Africa's third-largest gold producer, Mali, has launched a new state agency to regulate its sprawling artisanal gold industry after authorities uncovered major discrepancies between the country's officially declared gold exports and the volumes recorded by importing countries, highlighting the scale of illicit trade draining billions of dollars from one of Africa's largest gold producers.
The government said the newly created Malian Office of Precious Substances will centralise and oversee the trade of gold and other precious minerals, particularly from artisanal and small-scale miners, as Bamako steps up efforts to tighten state control over its most important export.
The move comes as Mali pursues one of Africa's most aggressive mining reform programmes, seeking to recover lost revenues from a sector that underpins its economy while increasing the state's share of mineral wealth.
According to the government, artisanal mining employs nearly 2 million people across 350 to 400 mining sites, but much of the gold produced never enters official export channels.
That informal trade has become increasingly costly. A 2024 report by Swiss NGO SWISSAID estimated that 30 to 57 metric tonnes of Malian gold are exported each year without being officially declared, representing between $1.98 billion and $3.77 billion in annual trade.
The report also estimated that Mali produced around 300 metric tonnes of undeclared gold worth $13.5 billion between 2012 and 2022, suggesting the country has been losing billions of dollars in export earnings and tax revenues for more than a decade.
The new regulator is the latest measure in a sweeping overhaul of Mali's mining industry. Since adopting a new mining code in 2023, the military-led government has increased taxes on miners, expanded state ownership in mining projects from 20% to at least 35%, strengthened oversight of mining operations and launched audits that recovered about 761 billion CFA francs ($1.2 billion) in unpaid revenues from mining companies.
Those reforms also triggered a prolonged dispute with Canadian miner Barrick Mining, whose Loulo-Gounkoto complex, Mali's biggest gold mine, was caught in a two-year standoff over the new rules before both sides reached a settlement.
Analysts say the creation of the new agency signals that Mali is extending its reform agenda beyond industrial mining to the largely informal artisanal sector, where oversight has remained weak despite the industry's growing contribution to national production.
Across Africa, governments are moving to capture more value from their mineral resources amid elevated commodity prices and rising global demand for critical minerals and precious metals. Neighbouring Burkina Faso, for example, has tightened controls on artisanal gold exports and strengthened state involvement in the sector as part of efforts to curb smuggling and improve revenue collection.
Experts say formalising artisanal mining has become a priority because the sector accounts for more than 20% of global gold production and supports the livelihoods of more than 10 million people, yet much of its output remains outside official supply chains.
For Mali, bringing more of that production into the formal economy could significantly boost public finances at a time when the government is seeking to maximise returns from its natural resources.
Official figures from the national statistics agency, Instat, show Mali's declared gold exports climbed to 2.75 trillion CFA francs ($4.81 billion) in 2025 from 1.61 trillion CFA francs ($2.81 billion) a year earlier.

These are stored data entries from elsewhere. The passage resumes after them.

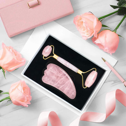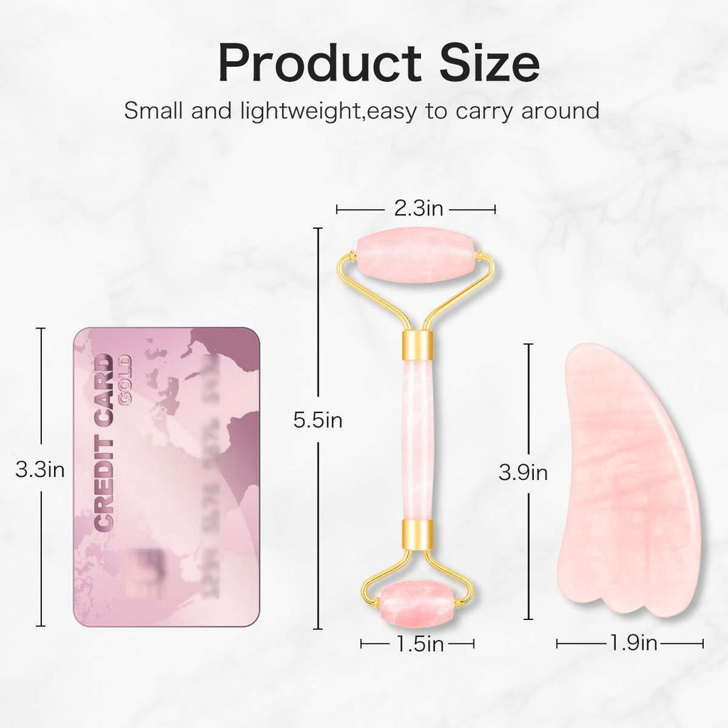 Jade Roller & Gua Sha Scraping Massage Tool - Face roller Massager Face Eye Beauty Tool - Skin roller rose quartz For Slimming - Facial Roller for Massage Your Skin
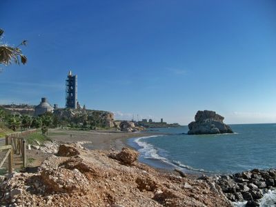 Playa del Peñón del Cuervo, Coastal beach in Este District, Malaga, Spain.
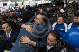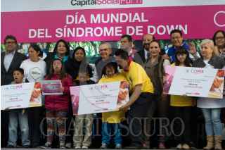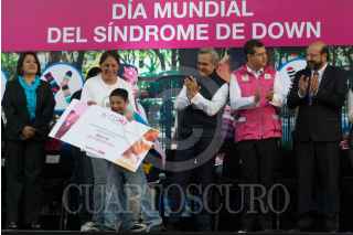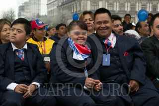 CIUDAD DE MÉXICO, 21MARZO2016.- Niños con Síndrome de Down conmemoraron el día mundial de este padecimiento genético en la explanada del Zócalo. Con la presencia del Jefe de Gobierno Miguel Ángel Mancera quien entregó tarjetas de becas de lectoescrituras y anunció que a partir del mes de julio de este año, el Hospital Pediátrico de San Juan de Aragón contará con atención especializada para estos infantes. FOTO: MOISÉS PABLO /CUARTOSCURO.COM
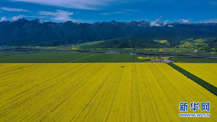 時下正值高原油菜花競相綻放的季節(jié),在青海省海北藏族自治州門源回族自治縣,金黃色的油菜花在高原藍天和云霧映襯下形成一幅壯麗畫卷,吸引游客前來觀賞。

South Africa remained the largest destination for Mali's officially declared gold exports, accounting for 60.4% of shipments, followed by the United Arab Emirates at 12.2% and Australia at 12.1%.
But with billions of dollars' worth of artisanal gold still believed to be leaving the country outside official channels, the success of the new regulator will ultimately be measured not by its creation, but by whether it can bring one of Africa's largest informal gold markets into the formal economy.